(Records provided):
=====

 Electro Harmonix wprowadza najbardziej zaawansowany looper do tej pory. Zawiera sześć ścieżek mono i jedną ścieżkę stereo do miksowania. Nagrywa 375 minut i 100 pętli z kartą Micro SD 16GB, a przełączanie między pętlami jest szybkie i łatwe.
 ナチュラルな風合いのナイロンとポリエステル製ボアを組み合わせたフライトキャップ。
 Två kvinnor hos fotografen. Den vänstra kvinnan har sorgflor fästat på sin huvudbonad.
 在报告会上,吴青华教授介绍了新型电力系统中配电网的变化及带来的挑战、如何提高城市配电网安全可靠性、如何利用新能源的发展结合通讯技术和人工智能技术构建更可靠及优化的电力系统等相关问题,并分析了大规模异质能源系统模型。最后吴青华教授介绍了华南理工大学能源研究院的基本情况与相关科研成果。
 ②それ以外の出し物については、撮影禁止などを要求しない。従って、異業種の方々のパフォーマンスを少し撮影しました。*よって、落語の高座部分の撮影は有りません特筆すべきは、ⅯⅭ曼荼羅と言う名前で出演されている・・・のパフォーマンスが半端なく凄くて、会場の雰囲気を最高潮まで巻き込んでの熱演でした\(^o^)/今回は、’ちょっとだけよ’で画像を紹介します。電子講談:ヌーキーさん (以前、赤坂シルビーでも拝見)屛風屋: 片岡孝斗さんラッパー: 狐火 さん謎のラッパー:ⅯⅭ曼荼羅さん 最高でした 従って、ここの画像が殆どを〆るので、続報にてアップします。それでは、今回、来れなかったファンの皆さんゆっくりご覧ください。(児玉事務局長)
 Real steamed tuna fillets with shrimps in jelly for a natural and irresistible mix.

=====

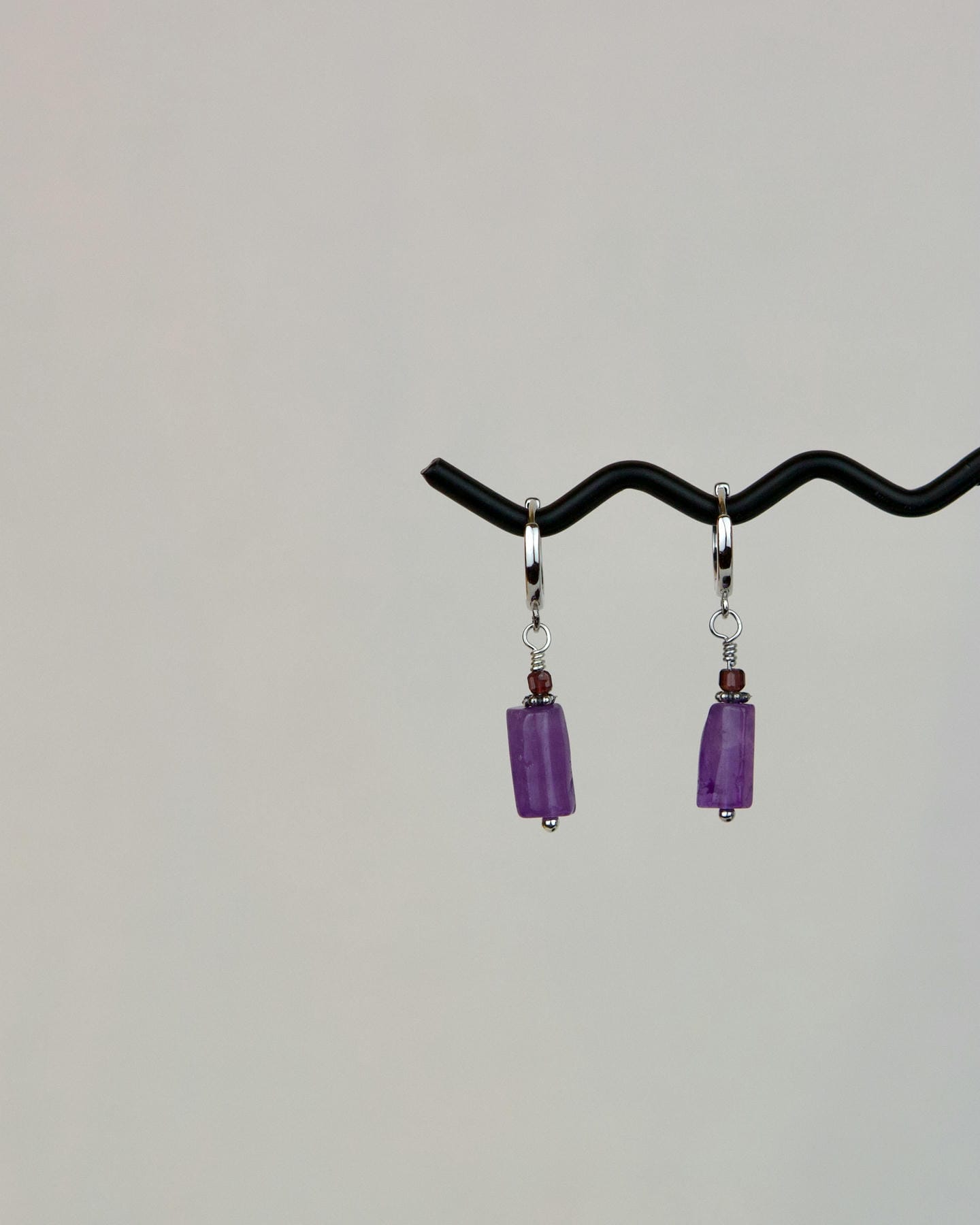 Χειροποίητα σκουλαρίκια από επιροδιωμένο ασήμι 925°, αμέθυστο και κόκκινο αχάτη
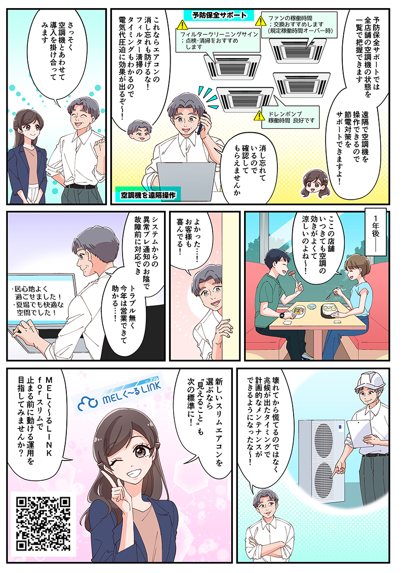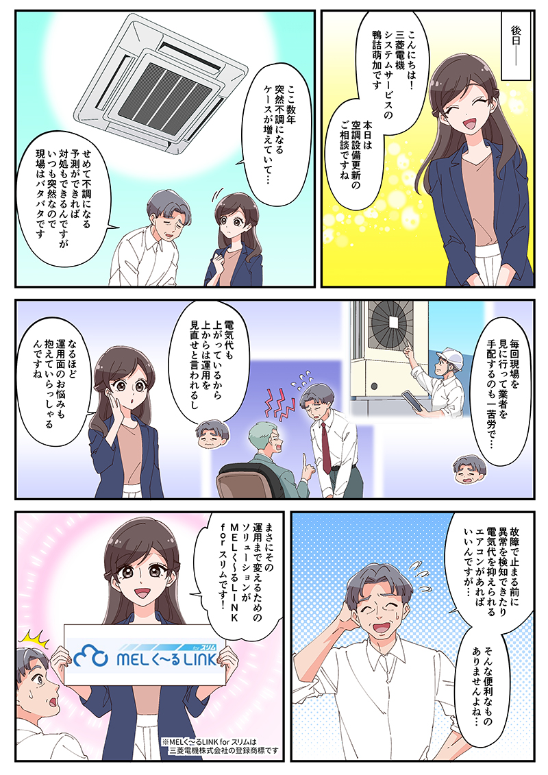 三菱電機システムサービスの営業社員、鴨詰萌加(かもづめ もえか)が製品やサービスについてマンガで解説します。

=====

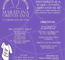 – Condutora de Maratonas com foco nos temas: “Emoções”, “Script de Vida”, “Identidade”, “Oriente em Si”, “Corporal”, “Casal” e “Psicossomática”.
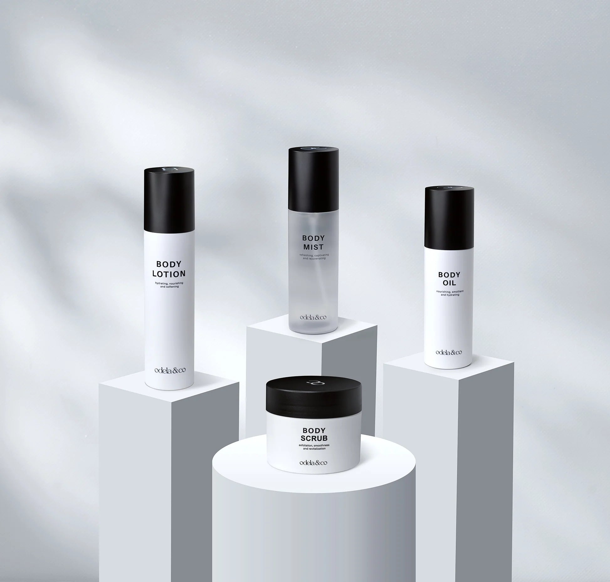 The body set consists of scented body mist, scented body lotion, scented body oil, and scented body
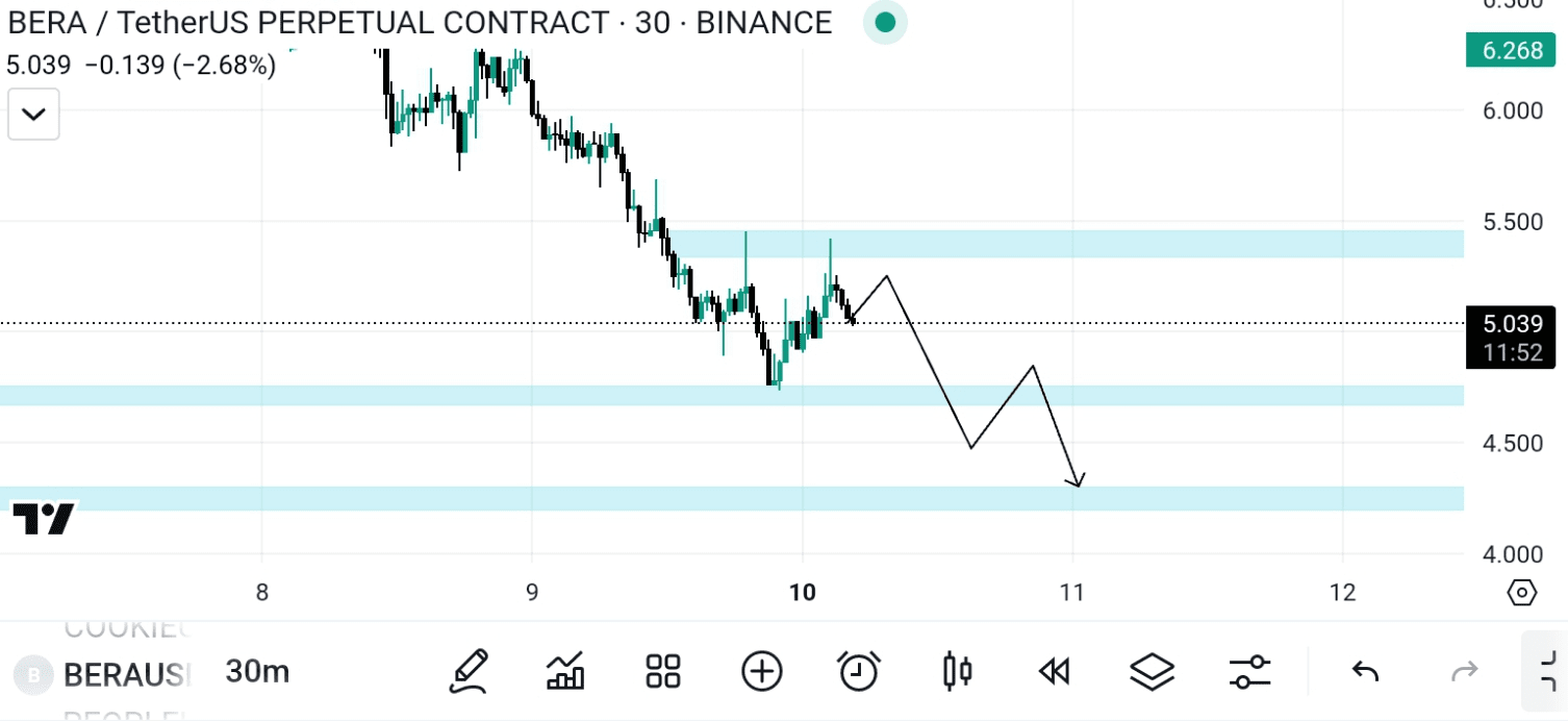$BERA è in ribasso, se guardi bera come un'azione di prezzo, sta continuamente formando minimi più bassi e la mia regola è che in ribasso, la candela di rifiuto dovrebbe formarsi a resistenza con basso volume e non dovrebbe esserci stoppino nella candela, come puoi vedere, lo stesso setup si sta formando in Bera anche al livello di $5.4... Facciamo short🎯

=====

(Your instructions):
The lines above from the one containing "Electro Harmonix wprowadza" through the one containing "Real steamed tuna" are to be set down exactly, and no others.

(Written answer):
 Electro Harmonix wprowadza najbardziej zaawansowany looper do tej pory. Zawiera sześć ścieżek mono i jedną ścieżkę stereo do miksowania. Nagrywa 375 minut i 100 pętli z kartą Micro SD 16GB, a przełączanie między pętlami jest szybkie i łatwe.
 ナチュラルな風合いのナイロンとポリエステル製ボアを組み合わせたフライトキャップ。
 Två kvinnor hos fotografen. Den vänstra kvinnan har sorgflor fästat på sin huvudbonad.
 在报告会上,吴青华教授介绍了新型电力系统中配电网的变化及带来的挑战、如何提高城市配电网安全可靠性、如何利用新能源的发展结合通讯技术和人工智能技术构建更可靠及优化的电力系统等相关问题,并分析了大规模异质能源系统模型。最后吴青华教授介绍了华南理工大学能源研究院的基本情况与相关科研成果。
 ②それ以外の出し物については、撮影禁止などを要求しない。従って、異業種の方々のパフォーマンスを少し撮影しました。*よって、落語の高座部分の撮影は有りません特筆すべきは、ⅯⅭ曼荼羅と言う名前で出演されている・・・のパフォーマンスが半端なく凄くて、会場の雰囲気を最高潮まで巻き込んでの熱演でした\(^o^)/今回は、’ちょっとだけよ’で画像を紹介します。電子講談:ヌーキーさん (以前、赤坂シルビーでも拝見)屛風屋: 片岡孝斗さんラッパー: 狐火 さん謎のラッパー:ⅯⅭ曼荼羅さん 最高でした 従って、ここの画像が殆どを〆るので、続報にてアップします。それでは、今回、来れなかったファンの皆さんゆっくりご覧ください。(児玉事務局長)
 Real steamed tuna fillets with shrimps in jelly for a natural and irresistible mix.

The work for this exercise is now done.